So we are left then with nirvana, mindfulness, a state which he tells
us may last only for a moment, and which is the cause of the smile we
see upon his face. And we ourselves can reach that, we can become a Buddha,
and so the question then presents itself as to what it means to become
a Buddha. He starts with the self, which is described as a kind of monster,
and he ends with Buddhahood which he describes as something we
would almost call today a person, and I would almost replace the
term Budahahood with manhood although in a sense much different
from the way in which we usually speak of a man. Manhood, in the sense
Buddha came to understand it, means the transformation of an indvidual
(a prince who left his family and broke with all of the past) from a self
that acts blindly to an enlightened one, to a man. So I propose to replace
the word Buddha with the word man, and say that Buddha became a man in
the sense that any human being can become a man because one isn't born
a man and neither is one born human. One can become human and only
through a tremendous effort. Yet it is here that we see the birth of what
later came to be mistakingly called humanism, (which does not mean
what the later so called humanists took it to mean) but rather
is a permanent effort with many means to transform oneself from an animal
into a man. There are other men besides Buddha who live in this time period
and who are humanists in this sense. They all suppose that man is not
born a human being, that he is too much of an animal, or better yet, that
he isn't really much of an animal either. Rather he is more like a monster,
not an animal, and so Buddha as well as Lao Tze and Zarathrustra, all
show the way for the developement of man from an isolated self into a
human being.
Buddhahood then, is the overcoming of the self that possesses us and keeps
us bound to the fetters of samsara. Much later the half Buddhistic Zen
Buddhists will once again ask the question "what is Buddhahood"?

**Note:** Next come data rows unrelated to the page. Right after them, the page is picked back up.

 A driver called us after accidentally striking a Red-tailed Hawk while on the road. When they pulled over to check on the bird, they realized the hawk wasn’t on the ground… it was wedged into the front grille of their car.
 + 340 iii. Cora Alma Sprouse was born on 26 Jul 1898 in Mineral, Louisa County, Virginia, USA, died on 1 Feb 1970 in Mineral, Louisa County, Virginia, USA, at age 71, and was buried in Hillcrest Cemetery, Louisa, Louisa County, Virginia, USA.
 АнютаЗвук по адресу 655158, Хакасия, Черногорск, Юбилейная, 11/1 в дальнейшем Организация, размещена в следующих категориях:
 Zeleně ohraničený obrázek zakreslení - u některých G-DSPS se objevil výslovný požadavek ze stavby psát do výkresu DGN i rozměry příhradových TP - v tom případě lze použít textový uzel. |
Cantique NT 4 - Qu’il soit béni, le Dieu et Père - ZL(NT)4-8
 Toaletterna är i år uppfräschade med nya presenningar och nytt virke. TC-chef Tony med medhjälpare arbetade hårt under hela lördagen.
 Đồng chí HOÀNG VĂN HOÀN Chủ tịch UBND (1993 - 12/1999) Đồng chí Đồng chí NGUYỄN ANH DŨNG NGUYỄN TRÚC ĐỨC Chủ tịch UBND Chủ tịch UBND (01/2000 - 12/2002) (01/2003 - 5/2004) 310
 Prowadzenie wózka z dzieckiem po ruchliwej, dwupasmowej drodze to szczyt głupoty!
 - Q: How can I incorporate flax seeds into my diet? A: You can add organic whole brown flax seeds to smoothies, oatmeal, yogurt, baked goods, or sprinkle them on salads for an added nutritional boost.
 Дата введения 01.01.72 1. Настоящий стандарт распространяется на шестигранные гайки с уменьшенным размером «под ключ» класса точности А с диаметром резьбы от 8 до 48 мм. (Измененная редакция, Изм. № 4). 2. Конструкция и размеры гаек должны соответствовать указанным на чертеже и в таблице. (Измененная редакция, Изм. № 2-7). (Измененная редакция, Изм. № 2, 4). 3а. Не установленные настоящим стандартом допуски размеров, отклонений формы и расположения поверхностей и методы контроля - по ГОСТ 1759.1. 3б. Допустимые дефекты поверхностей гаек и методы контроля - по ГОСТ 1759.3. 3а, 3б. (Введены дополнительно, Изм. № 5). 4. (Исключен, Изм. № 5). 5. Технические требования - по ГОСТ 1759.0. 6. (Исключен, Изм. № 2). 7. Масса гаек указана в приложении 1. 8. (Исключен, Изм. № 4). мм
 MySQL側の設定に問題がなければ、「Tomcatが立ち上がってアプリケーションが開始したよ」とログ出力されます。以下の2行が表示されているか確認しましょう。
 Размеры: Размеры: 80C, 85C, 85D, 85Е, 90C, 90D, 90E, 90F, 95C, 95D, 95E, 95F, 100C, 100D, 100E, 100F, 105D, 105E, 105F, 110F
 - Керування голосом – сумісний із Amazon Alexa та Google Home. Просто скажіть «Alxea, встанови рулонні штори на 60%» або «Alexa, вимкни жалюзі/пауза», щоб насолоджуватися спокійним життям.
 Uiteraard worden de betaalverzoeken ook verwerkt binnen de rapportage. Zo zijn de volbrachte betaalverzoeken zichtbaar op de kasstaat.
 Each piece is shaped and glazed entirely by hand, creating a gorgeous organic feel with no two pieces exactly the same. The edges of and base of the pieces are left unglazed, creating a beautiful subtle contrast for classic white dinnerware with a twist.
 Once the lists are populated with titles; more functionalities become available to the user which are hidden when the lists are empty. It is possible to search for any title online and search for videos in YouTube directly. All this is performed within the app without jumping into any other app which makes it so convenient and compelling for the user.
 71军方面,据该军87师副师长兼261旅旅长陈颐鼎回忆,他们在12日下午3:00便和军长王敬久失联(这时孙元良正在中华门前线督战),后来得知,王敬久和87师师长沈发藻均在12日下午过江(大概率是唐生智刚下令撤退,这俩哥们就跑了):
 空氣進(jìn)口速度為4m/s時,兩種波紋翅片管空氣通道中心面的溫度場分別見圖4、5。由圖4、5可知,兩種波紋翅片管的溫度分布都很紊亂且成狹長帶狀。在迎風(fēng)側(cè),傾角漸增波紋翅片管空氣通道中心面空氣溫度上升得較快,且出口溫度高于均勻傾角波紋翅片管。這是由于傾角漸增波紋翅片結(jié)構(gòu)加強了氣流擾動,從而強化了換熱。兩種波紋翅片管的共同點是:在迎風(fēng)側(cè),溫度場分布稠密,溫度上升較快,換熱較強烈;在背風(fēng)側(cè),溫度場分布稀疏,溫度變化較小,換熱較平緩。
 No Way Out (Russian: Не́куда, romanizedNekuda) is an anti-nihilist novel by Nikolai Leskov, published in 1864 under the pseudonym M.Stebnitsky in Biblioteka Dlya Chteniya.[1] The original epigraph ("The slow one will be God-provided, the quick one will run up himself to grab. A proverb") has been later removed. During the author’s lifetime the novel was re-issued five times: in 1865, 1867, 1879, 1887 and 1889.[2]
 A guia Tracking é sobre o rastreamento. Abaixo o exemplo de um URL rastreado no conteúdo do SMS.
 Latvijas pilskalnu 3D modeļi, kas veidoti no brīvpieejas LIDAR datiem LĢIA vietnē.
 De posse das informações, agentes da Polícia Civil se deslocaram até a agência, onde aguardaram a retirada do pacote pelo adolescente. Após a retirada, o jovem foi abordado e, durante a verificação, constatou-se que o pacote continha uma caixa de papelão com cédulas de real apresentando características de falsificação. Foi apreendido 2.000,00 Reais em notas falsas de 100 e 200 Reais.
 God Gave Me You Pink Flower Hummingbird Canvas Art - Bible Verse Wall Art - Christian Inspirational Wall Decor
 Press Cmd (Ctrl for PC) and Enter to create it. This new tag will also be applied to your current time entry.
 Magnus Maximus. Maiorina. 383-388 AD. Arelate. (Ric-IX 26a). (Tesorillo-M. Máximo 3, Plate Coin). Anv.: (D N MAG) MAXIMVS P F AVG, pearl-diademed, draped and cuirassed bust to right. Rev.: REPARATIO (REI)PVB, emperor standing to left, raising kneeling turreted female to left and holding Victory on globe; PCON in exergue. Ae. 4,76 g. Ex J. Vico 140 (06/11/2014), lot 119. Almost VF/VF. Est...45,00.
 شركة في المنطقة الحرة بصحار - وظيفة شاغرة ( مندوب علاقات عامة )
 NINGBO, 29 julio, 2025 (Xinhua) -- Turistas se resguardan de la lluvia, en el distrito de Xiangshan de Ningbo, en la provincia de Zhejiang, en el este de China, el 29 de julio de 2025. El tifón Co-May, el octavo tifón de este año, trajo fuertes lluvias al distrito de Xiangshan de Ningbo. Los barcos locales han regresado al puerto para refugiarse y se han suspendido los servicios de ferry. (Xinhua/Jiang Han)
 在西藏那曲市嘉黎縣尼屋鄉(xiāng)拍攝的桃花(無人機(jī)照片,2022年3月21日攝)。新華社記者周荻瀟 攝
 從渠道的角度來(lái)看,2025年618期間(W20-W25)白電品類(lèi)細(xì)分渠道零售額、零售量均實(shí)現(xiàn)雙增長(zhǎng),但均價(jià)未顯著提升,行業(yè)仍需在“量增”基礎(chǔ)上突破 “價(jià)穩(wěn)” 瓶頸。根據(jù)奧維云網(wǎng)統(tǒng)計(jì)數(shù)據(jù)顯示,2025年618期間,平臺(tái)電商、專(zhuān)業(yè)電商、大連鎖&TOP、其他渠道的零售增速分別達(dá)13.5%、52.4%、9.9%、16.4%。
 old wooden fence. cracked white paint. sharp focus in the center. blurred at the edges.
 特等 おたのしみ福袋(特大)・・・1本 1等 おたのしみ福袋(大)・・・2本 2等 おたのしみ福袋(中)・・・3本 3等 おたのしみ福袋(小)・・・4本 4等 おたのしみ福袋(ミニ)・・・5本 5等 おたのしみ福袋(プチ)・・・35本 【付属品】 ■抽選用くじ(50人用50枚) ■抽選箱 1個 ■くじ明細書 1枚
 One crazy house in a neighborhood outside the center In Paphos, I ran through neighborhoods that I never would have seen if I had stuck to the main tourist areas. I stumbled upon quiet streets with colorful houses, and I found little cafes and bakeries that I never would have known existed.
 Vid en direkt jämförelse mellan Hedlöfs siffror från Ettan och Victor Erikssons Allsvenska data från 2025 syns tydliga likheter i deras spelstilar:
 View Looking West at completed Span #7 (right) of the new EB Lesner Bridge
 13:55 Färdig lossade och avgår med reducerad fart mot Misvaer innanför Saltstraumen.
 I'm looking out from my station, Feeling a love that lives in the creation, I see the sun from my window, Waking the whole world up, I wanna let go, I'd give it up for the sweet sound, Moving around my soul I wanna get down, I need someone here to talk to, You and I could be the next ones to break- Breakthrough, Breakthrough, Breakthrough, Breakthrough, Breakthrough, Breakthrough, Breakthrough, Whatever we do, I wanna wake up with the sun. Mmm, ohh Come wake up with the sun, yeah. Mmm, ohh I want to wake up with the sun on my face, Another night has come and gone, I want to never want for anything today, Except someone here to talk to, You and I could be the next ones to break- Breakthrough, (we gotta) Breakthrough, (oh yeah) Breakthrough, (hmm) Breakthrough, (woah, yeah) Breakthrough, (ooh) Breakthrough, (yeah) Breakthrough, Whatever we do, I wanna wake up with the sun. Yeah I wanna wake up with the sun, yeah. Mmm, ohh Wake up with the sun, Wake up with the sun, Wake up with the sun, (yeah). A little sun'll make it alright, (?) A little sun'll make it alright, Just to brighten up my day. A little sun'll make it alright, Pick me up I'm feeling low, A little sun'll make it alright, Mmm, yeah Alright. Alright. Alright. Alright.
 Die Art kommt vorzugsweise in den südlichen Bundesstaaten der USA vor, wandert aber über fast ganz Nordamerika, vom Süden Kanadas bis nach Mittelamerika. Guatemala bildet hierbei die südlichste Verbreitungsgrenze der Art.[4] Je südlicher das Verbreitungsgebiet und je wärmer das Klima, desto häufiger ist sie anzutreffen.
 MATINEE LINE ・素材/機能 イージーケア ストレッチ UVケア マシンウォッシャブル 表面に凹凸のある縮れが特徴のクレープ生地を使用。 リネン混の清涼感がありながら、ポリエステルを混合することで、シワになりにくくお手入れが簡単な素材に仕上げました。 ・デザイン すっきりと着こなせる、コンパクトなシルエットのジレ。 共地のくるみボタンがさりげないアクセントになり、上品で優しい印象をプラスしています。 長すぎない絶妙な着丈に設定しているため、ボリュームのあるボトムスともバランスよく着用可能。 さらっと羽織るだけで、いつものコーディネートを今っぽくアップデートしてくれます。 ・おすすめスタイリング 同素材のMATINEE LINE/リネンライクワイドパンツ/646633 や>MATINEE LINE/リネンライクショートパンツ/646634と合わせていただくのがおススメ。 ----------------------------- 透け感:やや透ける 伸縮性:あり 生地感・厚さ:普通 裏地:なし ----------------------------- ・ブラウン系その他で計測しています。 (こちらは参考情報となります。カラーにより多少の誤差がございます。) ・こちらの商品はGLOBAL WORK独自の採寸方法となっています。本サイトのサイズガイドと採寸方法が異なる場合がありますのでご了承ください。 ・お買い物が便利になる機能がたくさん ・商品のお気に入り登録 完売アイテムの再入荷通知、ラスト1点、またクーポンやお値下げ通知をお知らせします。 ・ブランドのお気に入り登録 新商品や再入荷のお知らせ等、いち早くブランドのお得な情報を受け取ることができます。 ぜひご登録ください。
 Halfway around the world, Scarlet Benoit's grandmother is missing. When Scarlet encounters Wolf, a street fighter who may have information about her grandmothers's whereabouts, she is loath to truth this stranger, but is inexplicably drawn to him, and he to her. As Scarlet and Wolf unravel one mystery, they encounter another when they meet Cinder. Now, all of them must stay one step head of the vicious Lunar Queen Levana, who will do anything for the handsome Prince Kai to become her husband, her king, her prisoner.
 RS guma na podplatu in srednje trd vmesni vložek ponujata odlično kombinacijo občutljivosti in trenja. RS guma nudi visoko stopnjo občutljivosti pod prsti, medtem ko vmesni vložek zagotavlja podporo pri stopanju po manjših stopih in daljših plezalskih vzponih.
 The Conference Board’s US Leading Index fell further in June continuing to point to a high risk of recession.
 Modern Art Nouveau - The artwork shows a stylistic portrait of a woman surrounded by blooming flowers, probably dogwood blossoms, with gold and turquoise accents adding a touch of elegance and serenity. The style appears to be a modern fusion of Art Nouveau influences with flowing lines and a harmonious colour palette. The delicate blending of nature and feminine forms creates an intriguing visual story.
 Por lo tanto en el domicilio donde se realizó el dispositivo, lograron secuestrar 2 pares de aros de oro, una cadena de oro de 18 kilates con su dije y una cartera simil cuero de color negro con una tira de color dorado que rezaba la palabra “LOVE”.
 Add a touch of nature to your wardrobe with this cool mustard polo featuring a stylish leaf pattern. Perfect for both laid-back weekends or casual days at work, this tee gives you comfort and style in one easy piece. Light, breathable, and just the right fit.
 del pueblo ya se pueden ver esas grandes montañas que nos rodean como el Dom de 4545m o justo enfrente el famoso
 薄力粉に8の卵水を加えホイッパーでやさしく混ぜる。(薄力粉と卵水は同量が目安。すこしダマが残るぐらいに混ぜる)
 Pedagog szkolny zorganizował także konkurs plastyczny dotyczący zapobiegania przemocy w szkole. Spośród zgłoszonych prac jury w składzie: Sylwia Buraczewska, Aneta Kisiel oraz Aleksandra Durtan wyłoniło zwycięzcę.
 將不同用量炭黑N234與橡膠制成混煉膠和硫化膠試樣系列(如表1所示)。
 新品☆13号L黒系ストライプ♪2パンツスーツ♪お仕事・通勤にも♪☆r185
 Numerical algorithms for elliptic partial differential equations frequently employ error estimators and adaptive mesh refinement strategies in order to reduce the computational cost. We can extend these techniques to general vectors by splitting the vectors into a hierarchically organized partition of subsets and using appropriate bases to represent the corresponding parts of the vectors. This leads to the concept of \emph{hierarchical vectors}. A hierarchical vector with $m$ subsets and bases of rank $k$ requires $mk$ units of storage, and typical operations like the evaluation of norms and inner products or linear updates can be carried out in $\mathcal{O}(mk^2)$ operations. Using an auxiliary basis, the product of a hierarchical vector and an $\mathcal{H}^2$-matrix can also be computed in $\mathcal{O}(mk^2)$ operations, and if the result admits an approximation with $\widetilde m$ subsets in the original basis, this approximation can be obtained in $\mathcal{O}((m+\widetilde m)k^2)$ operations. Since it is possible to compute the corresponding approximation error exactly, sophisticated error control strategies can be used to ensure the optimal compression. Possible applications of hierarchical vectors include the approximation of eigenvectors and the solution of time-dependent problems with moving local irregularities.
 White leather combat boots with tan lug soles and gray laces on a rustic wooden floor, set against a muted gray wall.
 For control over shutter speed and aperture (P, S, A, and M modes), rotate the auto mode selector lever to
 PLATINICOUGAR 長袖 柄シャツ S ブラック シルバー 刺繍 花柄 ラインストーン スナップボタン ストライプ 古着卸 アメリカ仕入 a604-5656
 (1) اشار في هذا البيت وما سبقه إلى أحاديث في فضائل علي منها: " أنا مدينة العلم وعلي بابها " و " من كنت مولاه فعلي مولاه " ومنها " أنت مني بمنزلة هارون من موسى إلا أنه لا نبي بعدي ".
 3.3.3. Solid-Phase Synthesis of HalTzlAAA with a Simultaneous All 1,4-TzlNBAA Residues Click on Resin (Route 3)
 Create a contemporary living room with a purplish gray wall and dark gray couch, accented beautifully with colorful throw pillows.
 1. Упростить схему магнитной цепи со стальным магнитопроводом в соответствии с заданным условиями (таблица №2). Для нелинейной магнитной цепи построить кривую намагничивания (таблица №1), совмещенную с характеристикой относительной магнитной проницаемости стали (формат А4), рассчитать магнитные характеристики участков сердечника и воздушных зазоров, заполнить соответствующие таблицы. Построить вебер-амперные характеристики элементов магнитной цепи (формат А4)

It should have been clear to them if they studied Buddha's teachings carefully
but they mixed him up with Lao Tze and turned his beliefs into mystic
beliefs. Buddha was not a mystic and does not present us with a mystic
performance. We do not enter into eternal bliss, there is no such promise.
If anyone ever suggested this to him Buddha always answered that he could
know nothing of such an eternal bliss, because he is a man and he knows
that a man can never know about anything eternal, and that anyone who
claims to know such a thing is allready on his way to becoming a charlatan.
This explains the strange fact that what is called sin in Christianity
is called ignorance in Buddhism. The only sin Buddha recognized
was ignorance and by ignorance he means much more than not knowing enough.
This anyone can repair by studying books, however for the kind of ignorance
Buddha has in mind there are no books that can help you no matter how
much you learn. To be in ignorance means to have lived in an erroneous
way and that means being ignorant of what man can do. He asks us to look
at this phenomenon called suffering and then see for ourselves whether
or not he was right when he said that all of life was suffering. He wishes
to persuade and convince us through reason, to sharpen and clear the mind
not only the logical part but also the part Pascal called the heart,
to learn to use that instrument in loving care for everything that is
suffering. He is almost a rationalist in that sense, and when he
tells us that he wishes us to become mindful it is this conception of
mind that he is speaking of. There is no mysticism here, this is not the
nothingness or the emptiness that crept into Buddhism later. Perhaps it
crept in from the influence of other asiatic religions and philosophies,
from a misunderstanding of Lao Tze, because Lao Tze speaks about emptying
one's mind, but he means by this only that we should make our minds
more perceptive. He means by emptiness receptiveness. We could
of course speculate about emptiness forever. Even God has been called
emptiness, but Buddha would have dismissed such speculations as being
unanswerable.(13) Unanswerable questions are good only when they sharpen
your mind to enable you to put forth answerable questions.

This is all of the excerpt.